> YOUR ASSIGNMENT: For this exercise, repeat exactly the lines below starting at the line holding "Hazeran Sandalye, şıklığı" and ending at the line holding "据Frost&Sulliva", both included, with no extra lines and no pictures.
MATERIAL PROVIDED: Begin
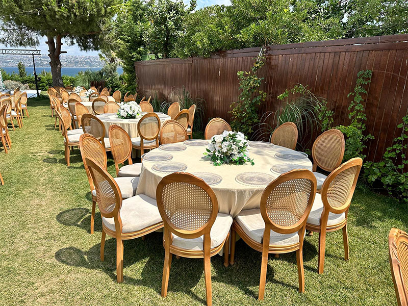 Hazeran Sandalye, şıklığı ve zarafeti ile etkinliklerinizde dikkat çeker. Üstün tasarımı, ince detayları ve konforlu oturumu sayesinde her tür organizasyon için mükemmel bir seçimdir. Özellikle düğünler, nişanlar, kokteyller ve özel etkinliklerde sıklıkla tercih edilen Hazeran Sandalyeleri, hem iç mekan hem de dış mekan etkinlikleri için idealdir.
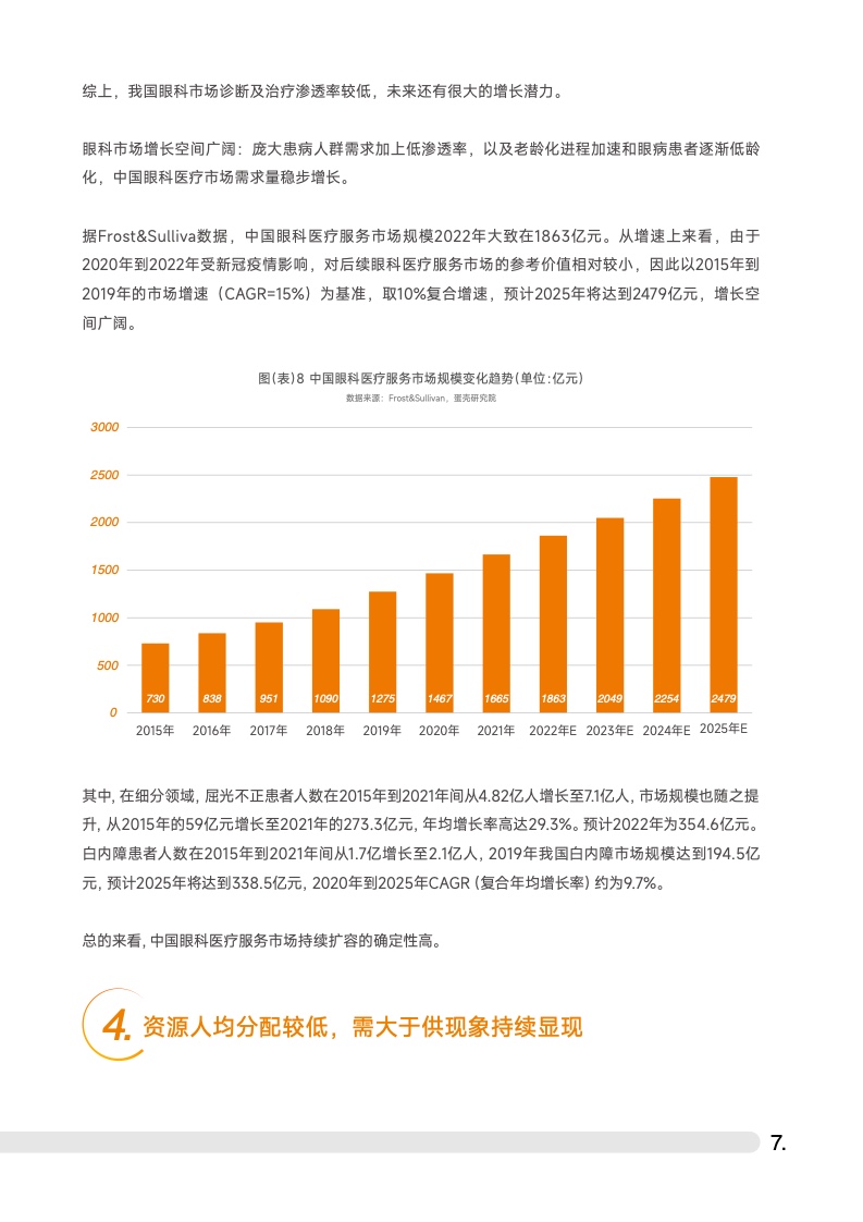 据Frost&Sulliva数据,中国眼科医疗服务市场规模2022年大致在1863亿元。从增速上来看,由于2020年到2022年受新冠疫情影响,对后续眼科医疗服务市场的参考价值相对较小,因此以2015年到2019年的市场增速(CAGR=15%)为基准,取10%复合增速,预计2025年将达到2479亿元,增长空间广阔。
MATERIAL PROVIDED: End
MATERIAL PROVIDED: Begin
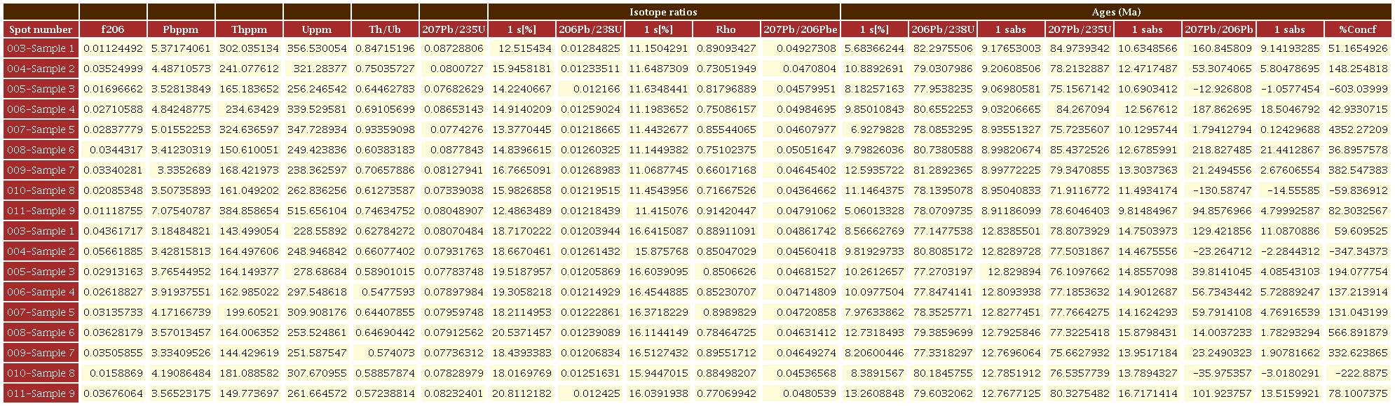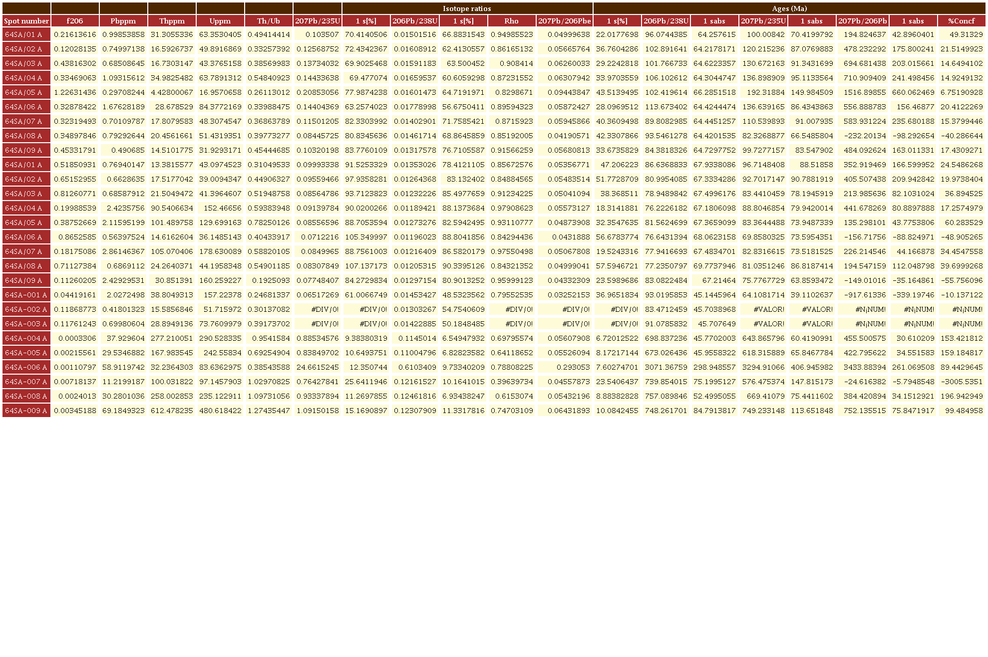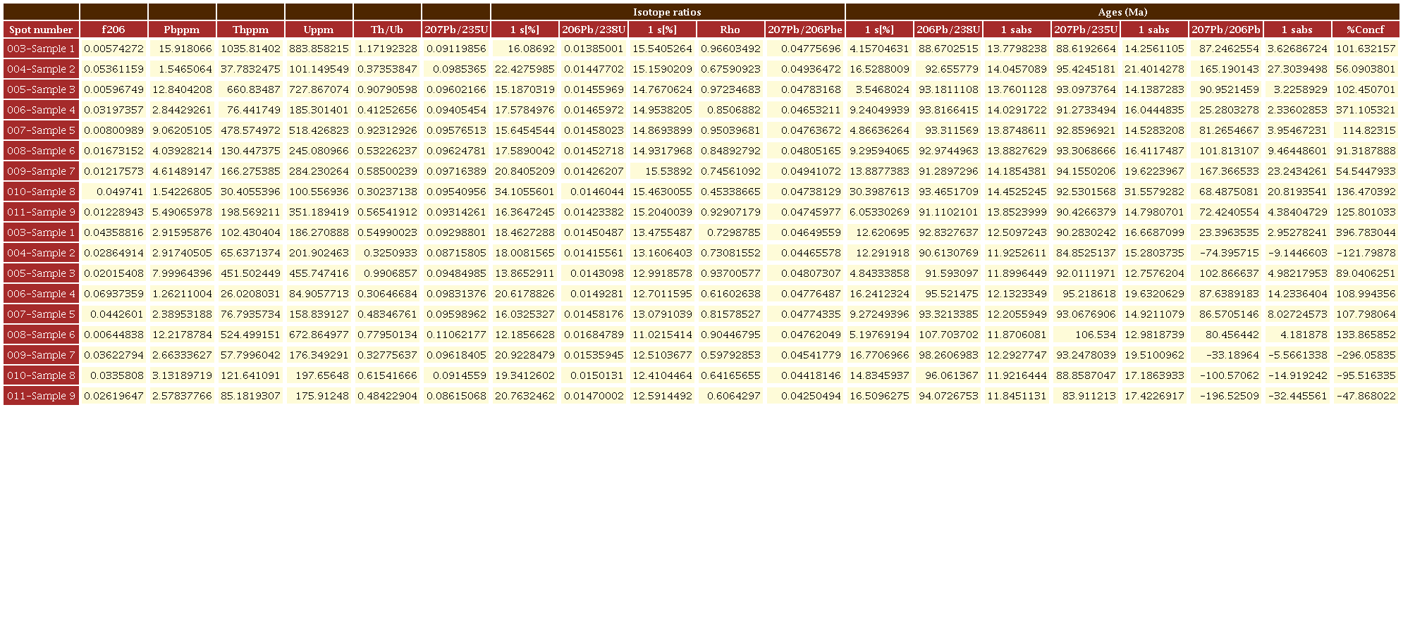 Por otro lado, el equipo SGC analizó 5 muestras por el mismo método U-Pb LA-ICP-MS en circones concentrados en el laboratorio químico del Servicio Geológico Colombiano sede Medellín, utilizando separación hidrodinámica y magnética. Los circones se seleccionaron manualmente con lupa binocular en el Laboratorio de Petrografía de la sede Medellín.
MATERIAL PROVIDED: End
MATERIAL PROVIDED: Begin
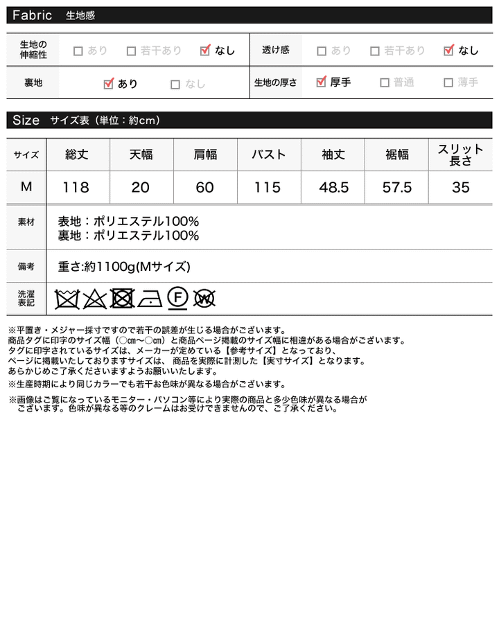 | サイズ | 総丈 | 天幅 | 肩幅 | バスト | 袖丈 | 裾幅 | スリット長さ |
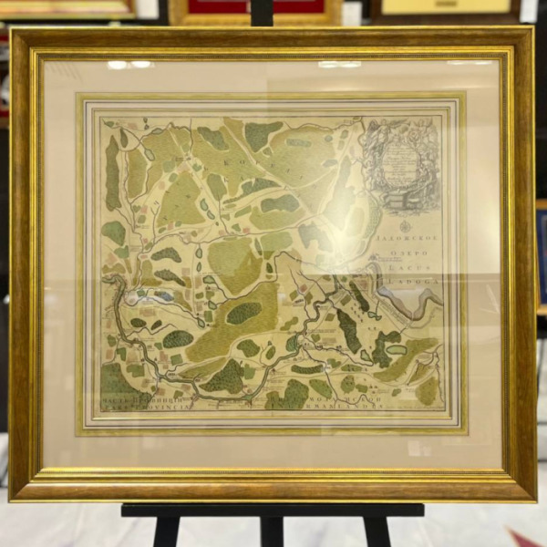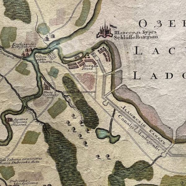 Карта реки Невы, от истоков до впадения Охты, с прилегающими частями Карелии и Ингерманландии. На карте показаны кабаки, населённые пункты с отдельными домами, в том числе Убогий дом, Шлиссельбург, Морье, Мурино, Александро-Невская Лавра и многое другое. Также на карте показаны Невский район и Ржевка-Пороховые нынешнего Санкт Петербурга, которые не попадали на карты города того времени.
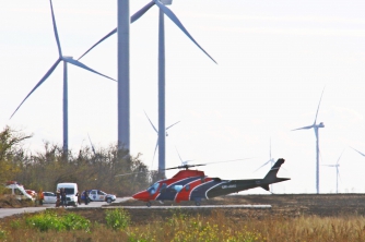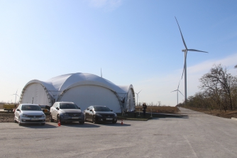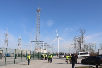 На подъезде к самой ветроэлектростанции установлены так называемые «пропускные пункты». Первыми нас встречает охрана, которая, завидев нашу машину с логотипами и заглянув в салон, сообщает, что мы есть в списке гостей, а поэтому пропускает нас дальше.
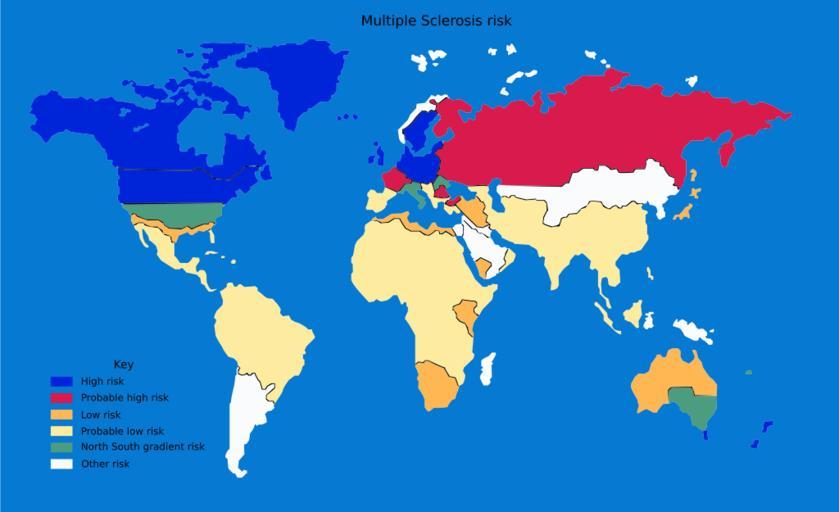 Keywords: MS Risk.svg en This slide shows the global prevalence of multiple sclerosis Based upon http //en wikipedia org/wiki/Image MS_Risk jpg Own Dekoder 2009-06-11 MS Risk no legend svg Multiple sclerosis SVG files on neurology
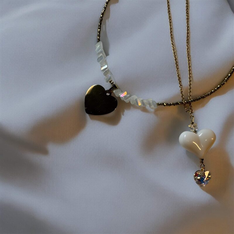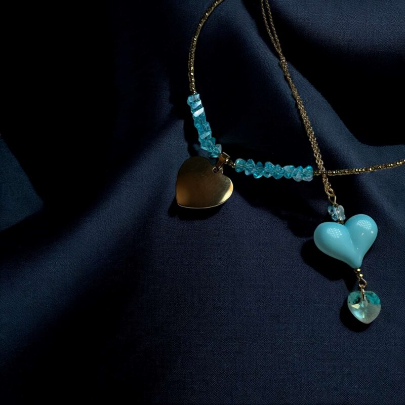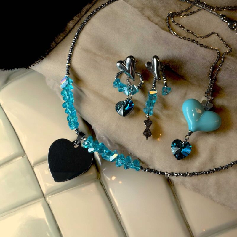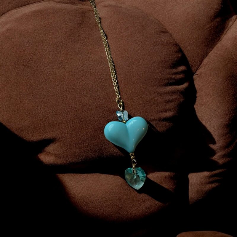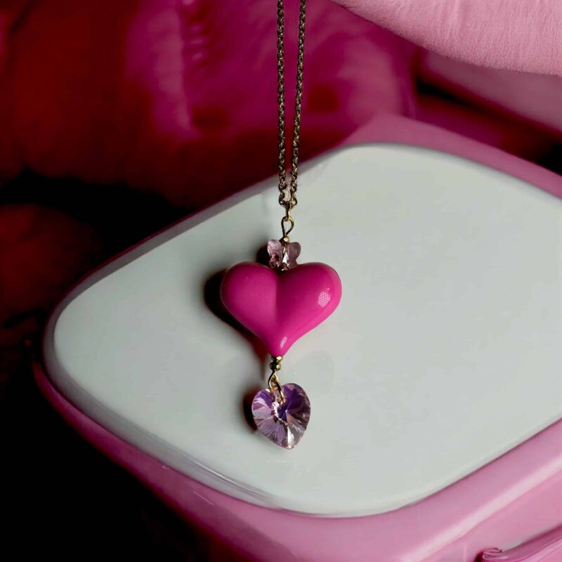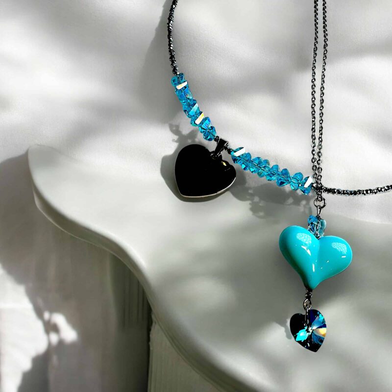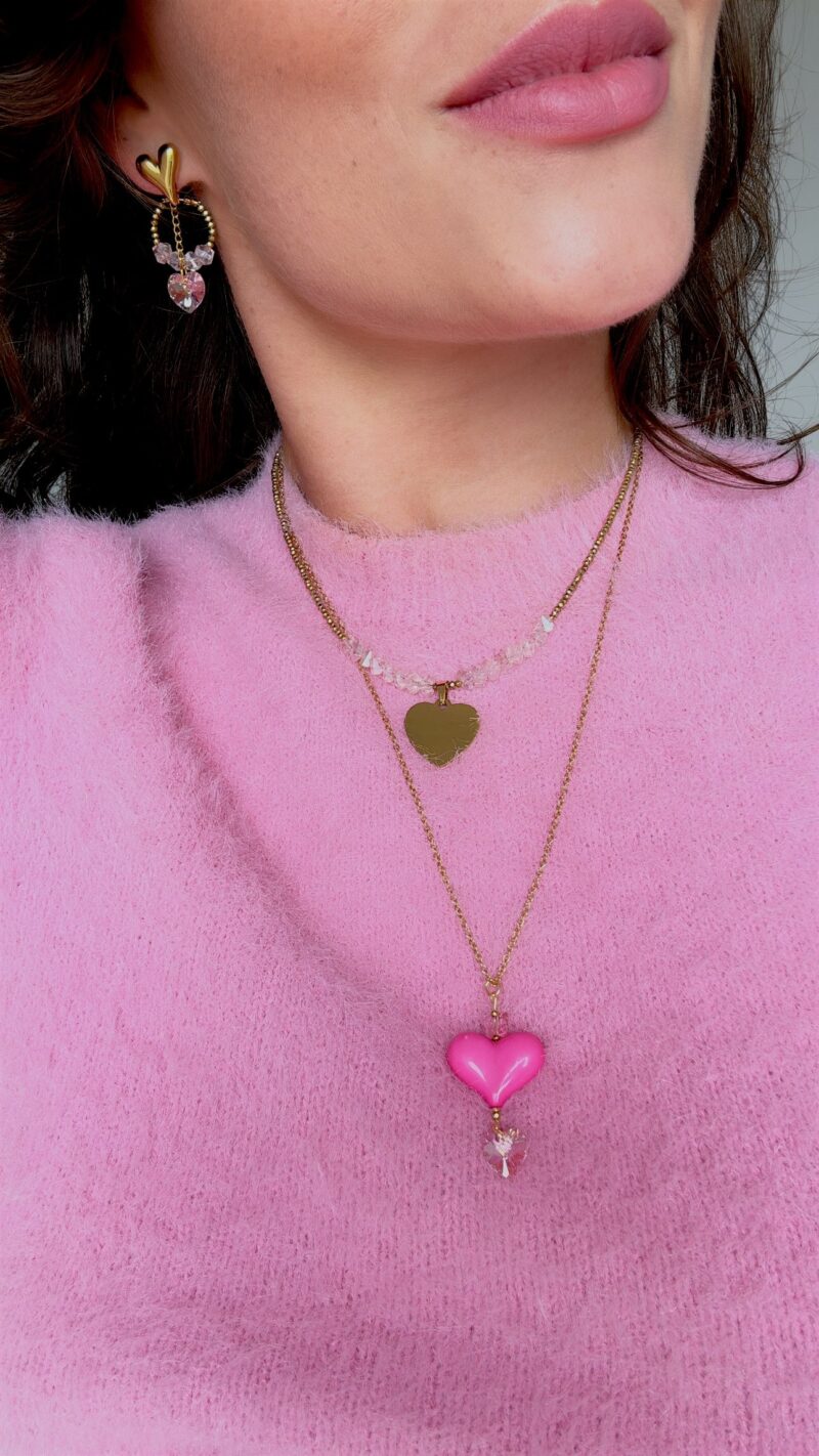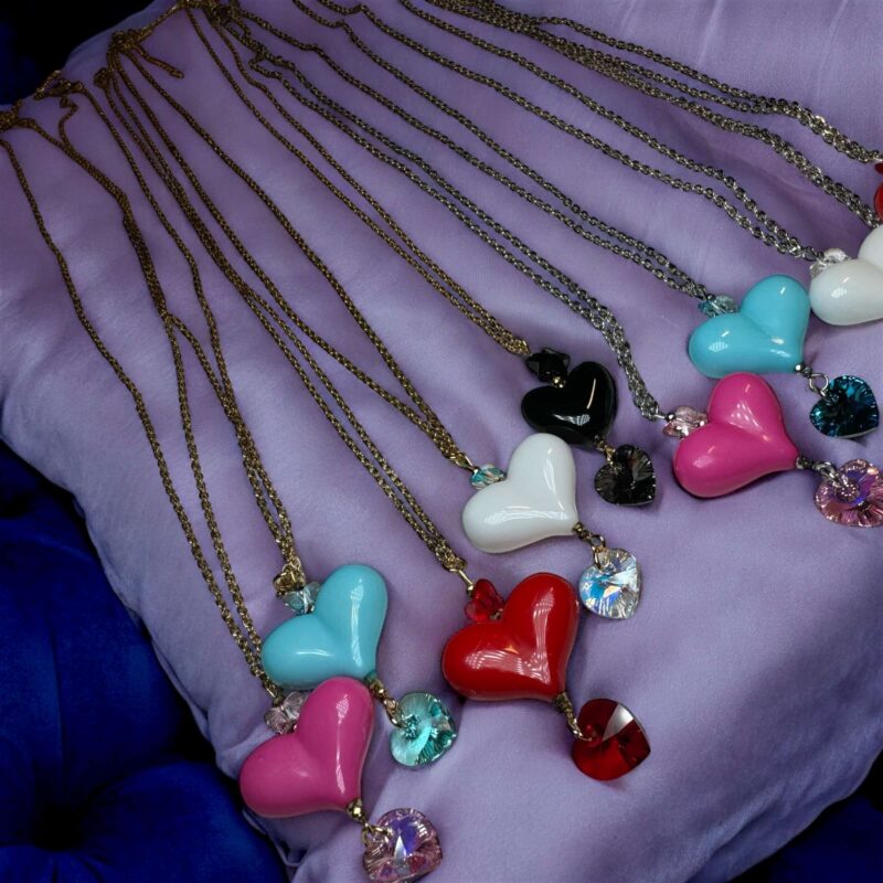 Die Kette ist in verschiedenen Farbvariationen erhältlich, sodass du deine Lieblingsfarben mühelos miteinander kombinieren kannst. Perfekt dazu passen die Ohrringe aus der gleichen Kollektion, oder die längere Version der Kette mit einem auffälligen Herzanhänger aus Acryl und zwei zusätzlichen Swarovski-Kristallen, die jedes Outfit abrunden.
MATERIAL PROVIDED: End
> TASK OUTPUT:
 Hazeran Sandalye, şıklığı ve zarafeti ile etkinliklerinizde dikkat çeker. Üstün tasarımı, ince detayları ve konforlu oturumu sayesinde her tür organizasyon için mükemmel bir seçimdir. Özellikle düğünler, nişanlar, kokteyller ve özel etkinliklerde sıklıkla tercih edilen Hazeran Sandalyeleri, hem iç mekan hem de dış mekan etkinlikleri için idealdir.
 据Frost&Sulliva数据,中国眼科医疗服务市场规模2022年大致在1863亿元。从增速上来看,由于2020年到2022年受新冠疫情影响,对后续眼科医疗服务市场的参考价值相对较小,因此以2015年到2019年的市场增速(CAGR=15%)为基准,取10%复合增速,预计2025年将达到2479亿元,增长空间广阔。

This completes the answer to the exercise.